Public drunkenness is now a crime under sections 13 to 16 of the Summary Offences Act 1966, covering the offences of being drunk in public and drunk and disorderly.

The summary offences amendment (decriminalisation of public drunkenness) bill 2020 will remove those offences. The 2020-21 state budget included $16m for a trial of a health-based response.

The health minister, Martin Foley, said:

We will build a health model that is culturally safe and appropriate – informed by the communities who this law has impacted the most.

Updated

Kevin Rudd has re-entered the chat.

Updated

The final party room address is taking place in the Great Hall – partly for social distancing reasons, and also partly for the photo op.

Updated

The final joint party room meeting of the year address is all about how well the government has done in shepherding Australia through the pandemic, so far (with the usual there-is-still-a-long-journey-ahead caveats)

Updated

It’s party room time, and Scott Morrison has let the cameras in to the joint-party room meeting to catch his opening address. He missed last week’s because he was still in quarantine at the Lodge.

Sky is broadcasting the speech – and also catching the MPs who are a little late, coming into the room behind the PM.

As someone who sees time as a very fluid construct, I sympathise.

Updated

The Liberal Bass MP, Bridget Archer, could have brought about an end to the cashless welfare card legislation yesterday if she had voted against the bill, instead of abstaining from voting.

Archer gave a strong speech last week laying out why she was against her party’s policy, which gained a lot of attention.

Bridget Archer in parliament last week
Bridget Archer in parliament last week. Photograph: Mike Bowers/The Guardian

But she was absent during the vote yesterday. A tied vote usually ends with the status quo continuing – it is practice that the Speaker does not use the casting vote to create a majority where there isn’t one. The status quo in this case would mean the bill would have been defeated.

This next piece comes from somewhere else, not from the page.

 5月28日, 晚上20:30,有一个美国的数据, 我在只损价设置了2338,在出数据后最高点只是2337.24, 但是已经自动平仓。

The Labor MP Brian Mitchell said it was the communities impacted by the bill who would really suffer:

I just wanted to say this issue isn’t about Bridget Archer, this is about the people who are most affected by income management. So I come here more in sorrow than anger. Bridget gave a really impassioned and quite beautiful speech when she articulated a lot of things, I think many of us felt about why this bill should not proceed. And I’m frankly just really disappointed that where she had the opportunity to kill this bill in the House of Representatives, Bridget Archer’s vote would have killed this bill in the House of Reps, and she didn’t stand by the courage of her conviction that she articulated quite beautifully. So this isn’t about Bridget Archer, this is about the people who are now affected by a very punitive income management regime.

Updated

The Labor MP Pat Conroy is in not having any of it this morning.

The Shortland MP was asked whether Scott Morrison should have given an apology in person, after wrongly claiming Kevin Rudd had received travel exemptions during the pandemic.

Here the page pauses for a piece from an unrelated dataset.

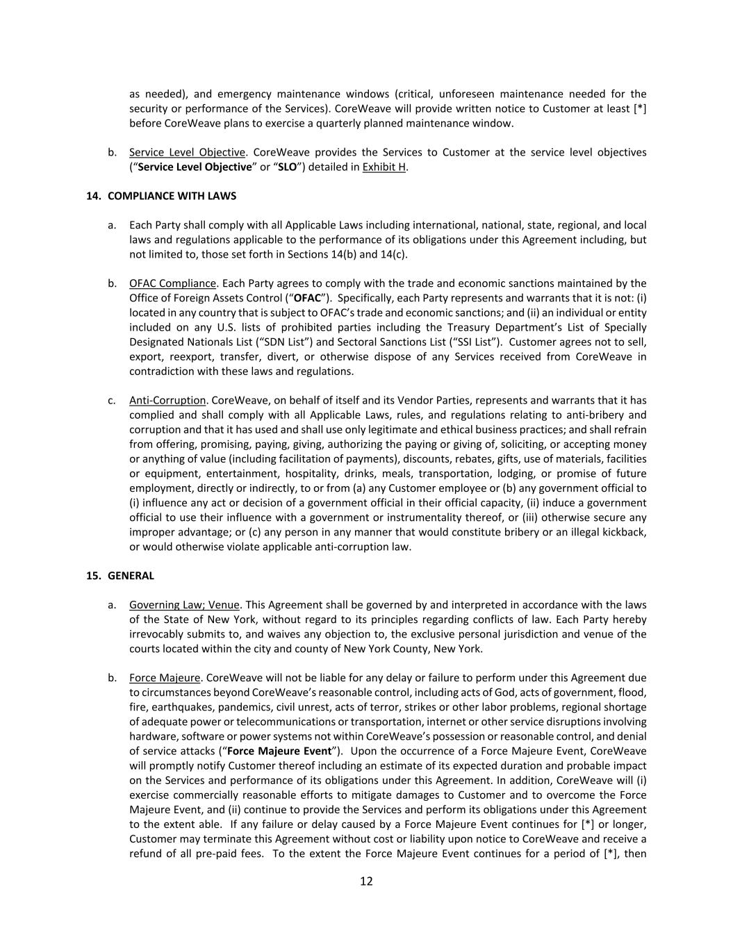 12 as needed), and emergency maintenance windows (critical, unforeseen maintenance needed for the security or performance of the Services). CoreWeave will provide written notice to Customer at least [*] before CoreWeave plans to exercise a quarterly planned maintenance window. b. Service Level Objective. CoreWeave provides the Services to Customer at the service level objectives (“Service Level Objective” or “SLO”) detailed in Exhibit H. 14. COMPLIANCE WITH LAWS a. Each Party shall comply with all Applicable Laws including international, national, state, regional, and local laws and regulations applicable to the performance of its obligations under this Agreement including, but not limited to, those set forth in Sections 14(b) and 14(c). b. OFAC Compliance. Each Party agrees to comply with the trade and economic sanctions maintained by the Office of Foreign Assets Control (“OFAC”). Specifically, each Party represents and warrants that it is not: (i) located in any country that is subject to OFAC’s trade and economic sanctions; and (ii) an individual or entity included on any U.S. lists of prohibited parties including the Treasury Department’s List of Specially Designated Nationals List (“SDN List”) and Sectoral Sanctions List (“SSI List”). Customer agrees not to sell, export, reexport, transfer, divert, or otherwise dispose of any Services received from CoreWeave in contradiction with these laws and regulations. c. Anti-Corruption. CoreWeave, on behalf of itself and its Vendor Parties, represents and warrants that it has complied and shall comply with all Applicable Laws, rules, and regulations relating to anti-bribery and corruption and that it has used and shall use only legitimate and ethical business practices; and shall refrain from offering, promising, paying, giving, authorizing the paying or giving of, soliciting, or accepting money or anything of value (including facilitation of payments), discounts, rebates, gifts, use of materials, facilities or equipment, entertainment, hospitality, drinks, meals, transportation, lodging, or promise of future employment, directly or indirectly, to or from (a) any Customer employee or (b) any government official to (i) influence any act or decision of a government official in their official capacity, (ii) induce a government official to use their influence with a government or instrumentality thereof, or (iii) otherwise secure any improper advantage; or (c) any person in any manner that would constitute bribery or an illegal kickback, or would otherwise violate applicable anti-corruption law. 15. GENERAL a. Governing Law; Venue. This Agreement shall be governed by and interpreted in accordance with the laws of the State of New York, without regard to its principles regarding conflicts of law. Each Party hereby irrevocably submits to, and waives any objection to, the exclusive personal jurisdiction and venue of the courts located within the city and county of New York County, New York. b. Force Majeure. CoreWeave will not be liable for any delay or failure to perform under this Agreement due to circumstances beyond CoreWeave’s reasonable control, including acts of God, acts of government, flood, fire, earthquakes, pandemics, civil unrest, acts of terror, strikes or other labor problems, regional shortage of adequate power or telecommunications or transportation, internet or other service disruptions involving hardware, software or power systems not within CoreWeave’s possession or reasonable control, and denial of service attacks (“Force Majeure Event”). Upon the occurrence of a Force Majeure Event, CoreWeave will promptly notify Customer thereof including an estimate of its expected duration and probable impact on the Services and performance of its obligations under this Agreement. In addition, CoreWeave will (i) exercise commercially reasonable efforts to mitigate damages to Customer and to overcome the Force Majeure Event, and (ii) continue to provide the Services and perform its obligations under this Agreement to the extent able. If any failure or delay caused by a Force Majeure Event continues for [*] or longer, Customer may terminate this Agreement without cost or liability upon notice to CoreWeave and receive a refund of all pre-paid fees. To the extent the Force Majeure Event continues for a period of [*], then

Conroy was one of the MPs sent out to chat about Labor’s narrative today – here is some of what he said about the prime minister:

Mr Morrison could have owned up to the fact and just gone into parliament and spent 30 seconds correcting the record and apologising. Instead, because the guy is a gutless coward, he sent a letter to the clerk at about eight o’clock last night. That is not befitting the leader of this country. It just shows that he is all about politics. He’s all spin and there’s no substance there.

Updated

Linda Burney spoke to Sky News this morning about the cashless debit card bill.

As we reported yesterday, it will come down to the crossbench and, in this case, one vote – Rex Patrick’s.

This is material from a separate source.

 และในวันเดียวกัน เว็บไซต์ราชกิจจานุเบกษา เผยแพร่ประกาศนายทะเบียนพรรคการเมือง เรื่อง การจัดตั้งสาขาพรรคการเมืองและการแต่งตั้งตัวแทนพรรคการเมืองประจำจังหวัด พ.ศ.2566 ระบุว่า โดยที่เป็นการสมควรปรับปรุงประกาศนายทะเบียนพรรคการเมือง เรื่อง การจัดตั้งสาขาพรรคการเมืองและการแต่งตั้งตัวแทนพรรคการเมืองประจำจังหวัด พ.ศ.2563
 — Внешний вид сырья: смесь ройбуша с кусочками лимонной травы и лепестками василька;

Yesterday he said he still had some questions.

Burney was urging him to listen to the people he had spoken to about what making the card permanent would mean:

And I have to say on your program this morning, that I am not sure how Mr Patrick will vote. I will say though, that he’s taken the time to go and talk to people.

He’s been to the Northern Territory, and he’s also been to Ceduna in South Australia. This card is punitive. People don’t want it.

And it is absolutely a decision that the government has taken without any evidence.

And I think that’s really key. Without evidence, the government has decided they’re going to go on this mad romp.

And the question really is, and I’ll put this in front of you – the question really is, is this a precursor to a national rollout of welfare, mandatory welfare management for people who are in receipt of essential security payment?

Updated

The childcare group G8 Education is the latest big Australian company to admit to systematically underpaying its employees.

The company has this morning told the ASX it has underpaid up to 27,000 employees for the past six years and it would cost as much as $80m to repay them.

It said it had discovered the underpayment after a review undertaken with the assistance of the law firm Allens and the accountancy firm PwC.

The attorney general, Christian Porter, has introduced legislation that (among other things) would make wage theft illegal, but it would be unlikely to capture what’s happened at G8 because it would only criminalise deliberate underpayment, not stuff-ups.

G8 says the underpayment was “inadvertent” and has reported itself to the Fair Work Ombudsman.

Its chief executive, Gary Carroll, said the company unreservedly apologised to every underpaid staff member and pledged they would get “every dollar” they are owed.

It’s not the only problem facing the company – it’s also the target of a shareholder class action, filed by the law firm Slater & Gordon, over its woeful profit results, and the former chair Jenny Hutson is also being prosecuted by Asic over alleged dishonesty during a corporate takeover back in 2015. She’s fighting the charges.

Updated

There is a new “parliamentary friends” group in town.

Joel Fitzgibbon and Phil Thompson (the “friends” bit comes from being bipartisan) have started a parliamentary friends of defence honours and citations group.

There is already a parliamentary friends of defence – Pat Conroy and Vince Connelly. The new friends group is designed to help people better understand the honours and awards defence personnel receive, and why.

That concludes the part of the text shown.